I want to give one concrete example of how these trade-offs manifest. When you make an HTTP request from your phone to a remote server, that request goes through the WiFi or cellular modem, through the TCP/IP stack, and out to the physical radio. The round-trip time is measured in tens or hundreds of milliseconds. During that time, the app thread is blocked, the CPU can potentially enter a low-power state, and the radio is actively consuming power. A Binder transaction, by contrast, completes in microseconds. The CPU barely has time to change power states. The radio never wakes up. The energy cost is orders of magnitude lower.
If you replaced Binder with HTTP, not only would the phone be slower, the battery would be dead by lunchtime. The engineering constraints of a mobile device simply don't permit the luxury of text-based network protocols for internal communication.
This is why I find the whole topic so satisfying to explain. Because from the outside, it looks like a mess of ad-hoc complexity. Why so many different IPC mechanisms? Why not just standardize on one thing? But each mechanism is an optimization for a specific set of constraints. Binder is optimized for Android's security model, where every app is a separate UID and all communication must be mediated by the kernel. D-Bus is optimized for desktop Linux's model of cooperating processes with complex event-driven interactions. Mach messages are optimized for microkernel minimality and formal provability of certain security properties.
The diversity is a feature, not a bug. It's the result of different systems making different bets about what matters most.

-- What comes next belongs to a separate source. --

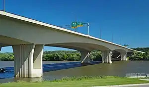 The Wakota Bridge is a ten-lane bridge carrying Interstate 494 over the Mississippi River between South St. Paul and Newport, Minnesota, United States. It was completed in 2010, replacing a four-lane span built in 1959. The name was given to the previous span in the early 1960s, and is derived from the two counties it connects, Washington and Dakota. Lunda Construction Company won the bid to build a new five-lane west-bound span, remove the existing bridge, and build a new five-lane east-bound span, which was completed in 2010. It is the widest bridge in Minnesota in number of lanes, along with the I-35W Saint Anthony Falls Bridge in Minneapolis.
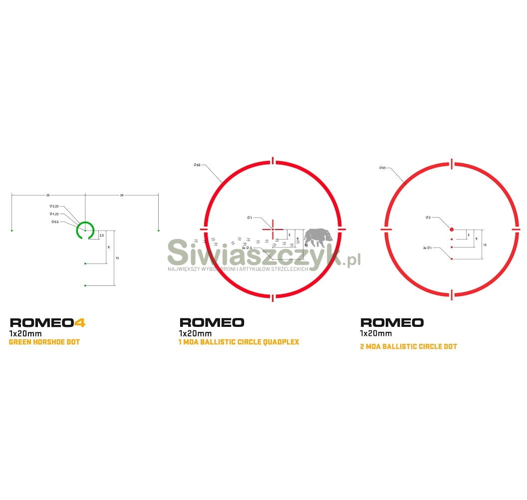 Użytkownicy mogą wybierać spośród 4 różnych zintegrowanych opcji celownika (kropka, kropka w kółko, kropka z uchwytami, kropka w kółko z uchwytami)

I think there's a broader lesson here about how we teach computing. We teach people about REST APIs because they're universal and accessible. You can understand them with nothing more than curl and a text editor. But the internal APIs of operating systems are harder to explore, harder to visualize, and much harder to teach. So most developers go their entire careers without really understanding what happens inside their own devices. And that's not a criticism. It's just the reality of how much complexity is packed into modern systems.
Daniel's question came from that exact place. He heard us describe something that sounded like APIs and his brain tried to map it onto the API model he knows. And the answer required us to say, no, it's different in almost every particular, but similar in the abstract. Which is a deeply unsatisfying answer, but it's the truth.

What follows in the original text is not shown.